Leave the pictures out, and transcribe the material below exactly from the line with "FIG. D A163, A213, A216" to the line with "Governor Paul Patton", both lines included.
--- SUPPLIED RECORDS Enclosed Below ---
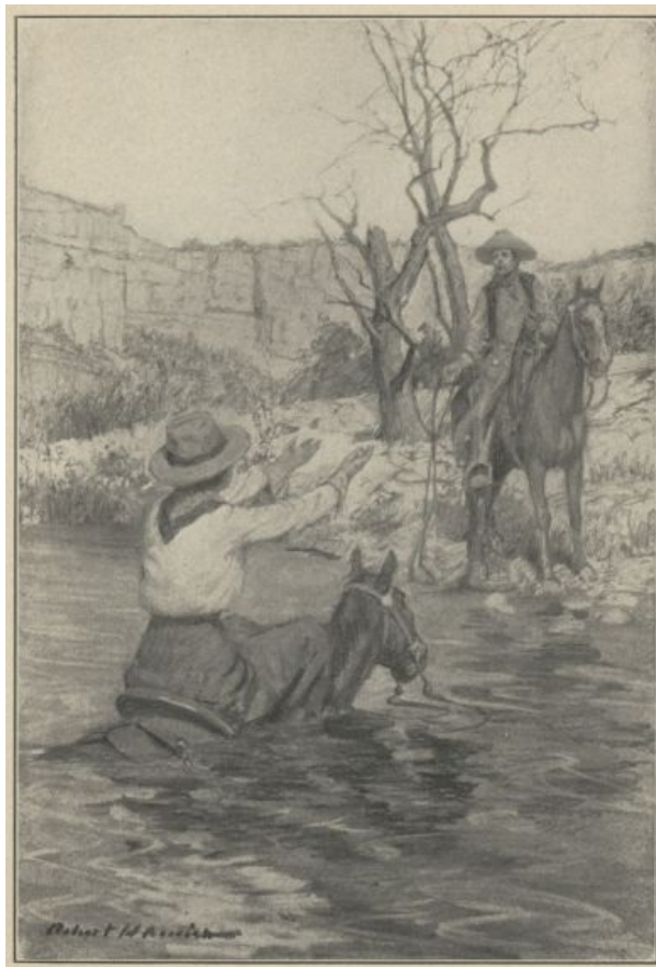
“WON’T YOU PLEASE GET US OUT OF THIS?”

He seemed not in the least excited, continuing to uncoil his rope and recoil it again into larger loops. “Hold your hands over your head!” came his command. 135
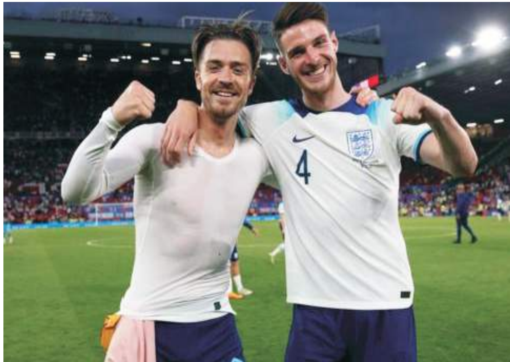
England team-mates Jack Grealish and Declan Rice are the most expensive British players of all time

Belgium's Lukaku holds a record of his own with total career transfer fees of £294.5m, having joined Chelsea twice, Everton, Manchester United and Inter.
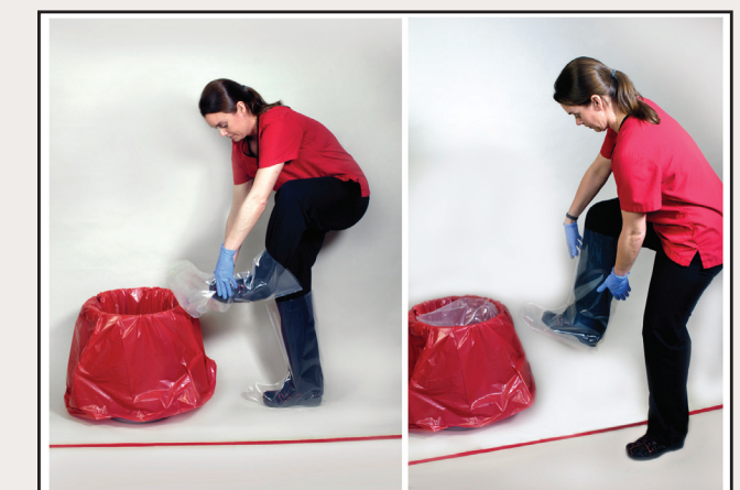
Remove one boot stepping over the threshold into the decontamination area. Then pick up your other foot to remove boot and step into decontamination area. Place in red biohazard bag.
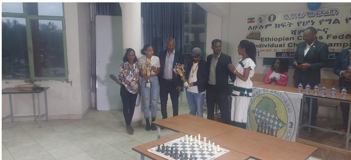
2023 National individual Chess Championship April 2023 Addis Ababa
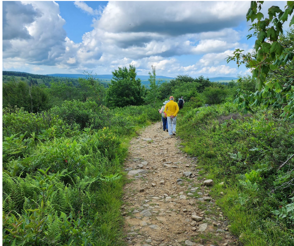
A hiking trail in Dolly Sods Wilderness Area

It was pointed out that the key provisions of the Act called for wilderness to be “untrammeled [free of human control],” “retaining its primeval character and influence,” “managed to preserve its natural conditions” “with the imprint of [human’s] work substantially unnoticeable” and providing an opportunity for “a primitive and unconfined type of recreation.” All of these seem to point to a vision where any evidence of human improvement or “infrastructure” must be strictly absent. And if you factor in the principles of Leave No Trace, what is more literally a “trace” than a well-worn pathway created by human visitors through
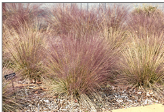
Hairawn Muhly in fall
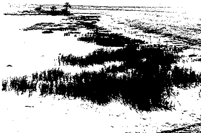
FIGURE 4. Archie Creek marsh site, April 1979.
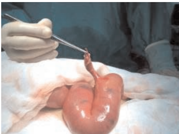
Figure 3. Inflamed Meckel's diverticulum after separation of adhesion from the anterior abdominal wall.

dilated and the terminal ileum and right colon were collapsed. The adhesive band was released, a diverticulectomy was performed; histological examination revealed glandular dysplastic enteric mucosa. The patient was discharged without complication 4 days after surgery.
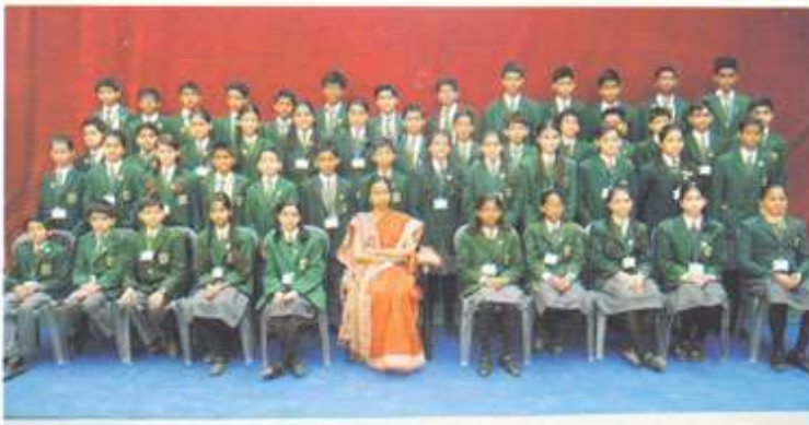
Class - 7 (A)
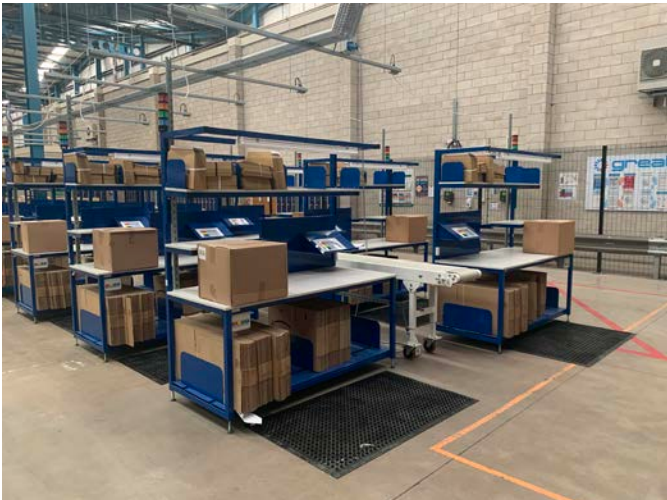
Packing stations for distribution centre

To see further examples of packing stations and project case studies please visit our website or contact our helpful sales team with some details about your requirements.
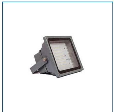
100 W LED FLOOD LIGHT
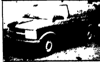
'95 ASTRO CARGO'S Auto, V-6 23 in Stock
--- End of Enclosed SUPPLIED RECORDS ---
--- SUPPLIED RECORDS Enclosed Below ---
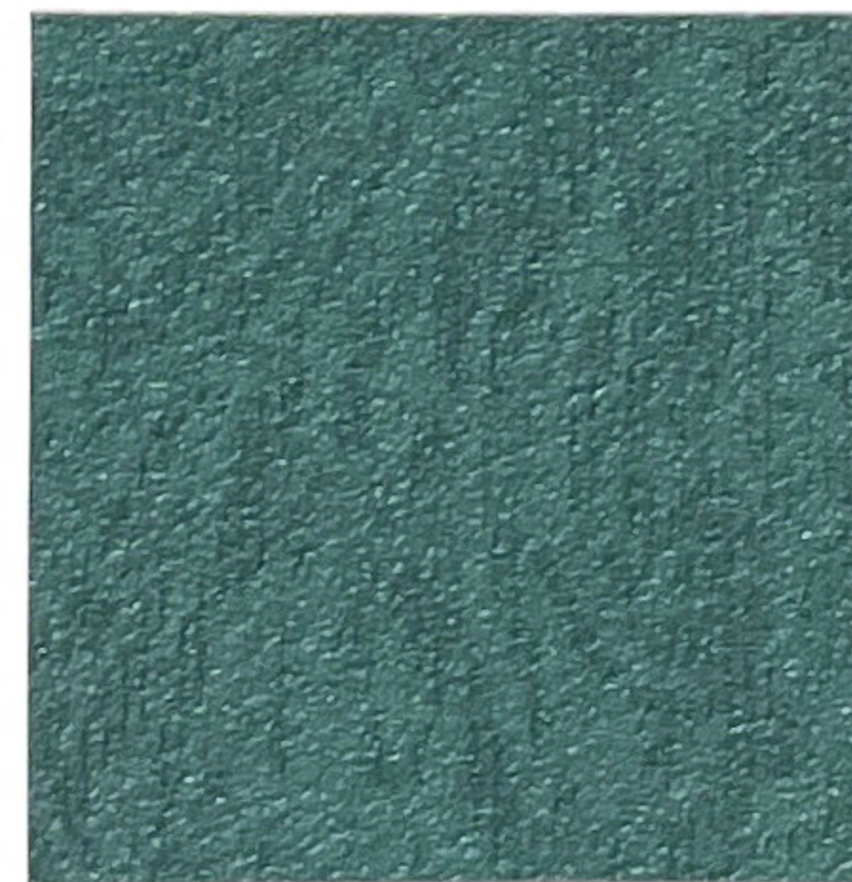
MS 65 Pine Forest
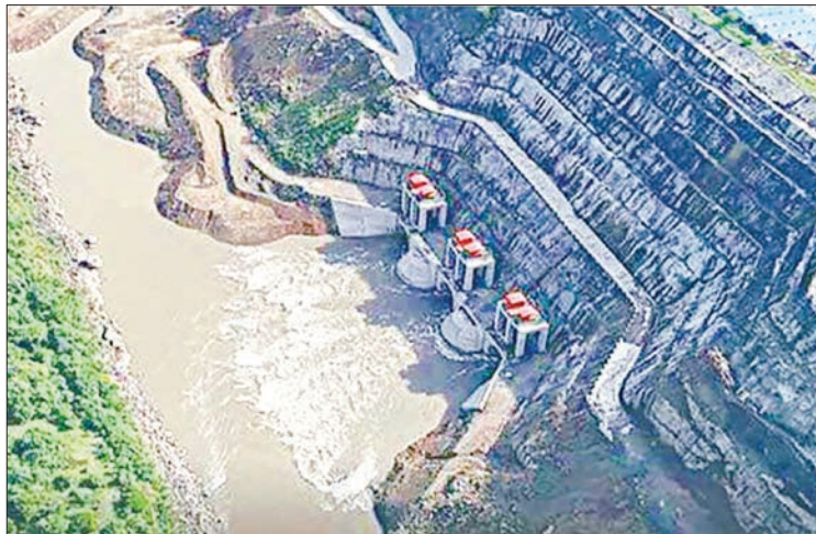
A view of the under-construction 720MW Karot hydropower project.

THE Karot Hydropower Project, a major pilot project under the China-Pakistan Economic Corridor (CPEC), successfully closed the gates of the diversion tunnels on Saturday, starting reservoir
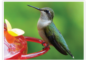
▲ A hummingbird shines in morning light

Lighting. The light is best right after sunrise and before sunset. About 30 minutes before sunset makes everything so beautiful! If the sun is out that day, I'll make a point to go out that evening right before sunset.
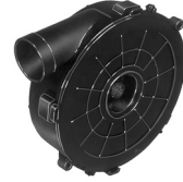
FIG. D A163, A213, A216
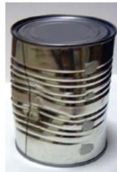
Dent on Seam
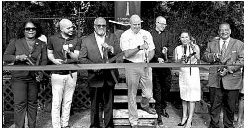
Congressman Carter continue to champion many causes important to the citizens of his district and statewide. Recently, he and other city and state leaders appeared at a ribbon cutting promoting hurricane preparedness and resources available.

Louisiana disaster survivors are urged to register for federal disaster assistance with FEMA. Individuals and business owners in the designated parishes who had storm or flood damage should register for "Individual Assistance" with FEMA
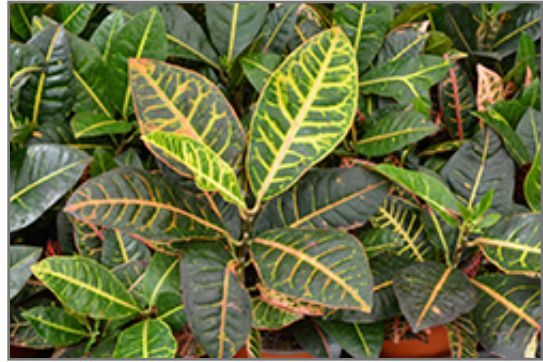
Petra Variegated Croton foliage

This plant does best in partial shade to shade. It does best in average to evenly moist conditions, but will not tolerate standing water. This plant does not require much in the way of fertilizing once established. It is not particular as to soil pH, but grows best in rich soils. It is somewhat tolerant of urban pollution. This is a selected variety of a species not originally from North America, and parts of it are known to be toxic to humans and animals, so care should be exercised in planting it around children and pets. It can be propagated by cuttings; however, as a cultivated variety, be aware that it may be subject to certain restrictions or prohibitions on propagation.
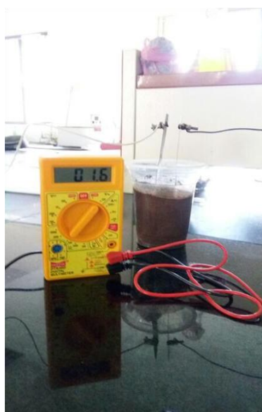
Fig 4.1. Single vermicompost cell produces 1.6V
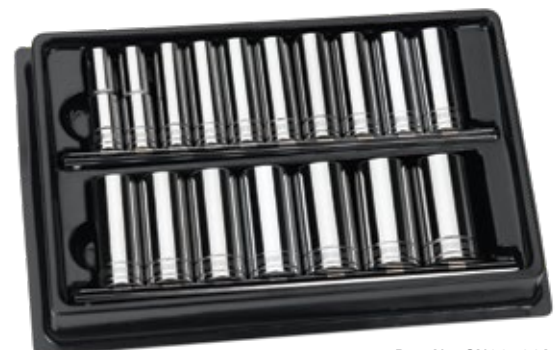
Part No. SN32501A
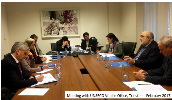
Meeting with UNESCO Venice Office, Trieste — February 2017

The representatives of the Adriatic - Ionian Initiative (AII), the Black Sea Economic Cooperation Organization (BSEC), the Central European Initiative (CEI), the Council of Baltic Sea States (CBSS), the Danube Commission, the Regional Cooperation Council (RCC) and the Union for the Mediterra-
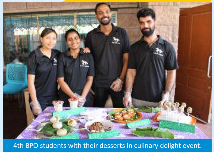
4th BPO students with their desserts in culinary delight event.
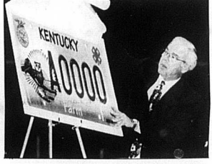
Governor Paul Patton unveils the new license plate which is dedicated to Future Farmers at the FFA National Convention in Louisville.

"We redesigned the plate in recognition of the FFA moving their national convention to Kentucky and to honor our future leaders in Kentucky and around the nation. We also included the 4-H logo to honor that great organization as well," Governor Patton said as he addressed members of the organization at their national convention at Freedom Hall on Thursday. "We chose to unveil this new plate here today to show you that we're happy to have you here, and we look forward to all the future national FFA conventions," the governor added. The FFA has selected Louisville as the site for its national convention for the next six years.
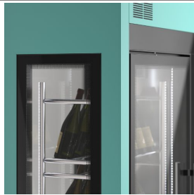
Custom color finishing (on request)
--- End of Enclosed SUPPLIED RECORDS ---
RESPONSE FOR THIS EXERCISE:
FIG. D A163, A213, A216
Dent on Seam
Congressman Carter continue to champion many causes important to the citizens of his district and statewide. Recently, he and other city and state leaders appeared at a ribbon cutting promoting hurricane preparedness and resources available.

Louisiana disaster survivors are urged to register for federal disaster assistance with FEMA. Individuals and business owners in the designated parishes who had storm or flood damage should register for "Individual Assistance" with FEMA
Petra Variegated Croton foliage

This plant does best in partial shade to shade. It does best in average to evenly moist conditions, but will not tolerate standing water. This plant does not require much in the way of fertilizing once established. It is not particular as to soil pH, but grows best in rich soils. It is somewhat tolerant of urban pollution. This is a selected variety of a species not originally from North America, and parts of it are known to be toxic to humans and animals, so care should be exercised in planting it around children and pets. It can be propagated by cuttings; however, as a cultivated variety, be aware that it may be subject to certain restrictions or prohibitions on propagation.
Fig 4.1. Single vermicompost cell produces 1.6V
Part No. SN32501A
Meeting with UNESCO Venice Office, Trieste — February 2017

The representatives of the Adriatic - Ionian Initiative (AII), the Black Sea Economic Cooperation Organization (BSEC), the Central European Initiative (CEI), the Council of Baltic Sea States (CBSS), the Danube Commission, the Regional Cooperation Council (RCC) and the Union for the Mediterra-
4th BPO students with their desserts in culinary delight event.
Governor Paul Patton unveils the new license plate which is dedicated to Future Farmers at the FFA National Convention in Louisville.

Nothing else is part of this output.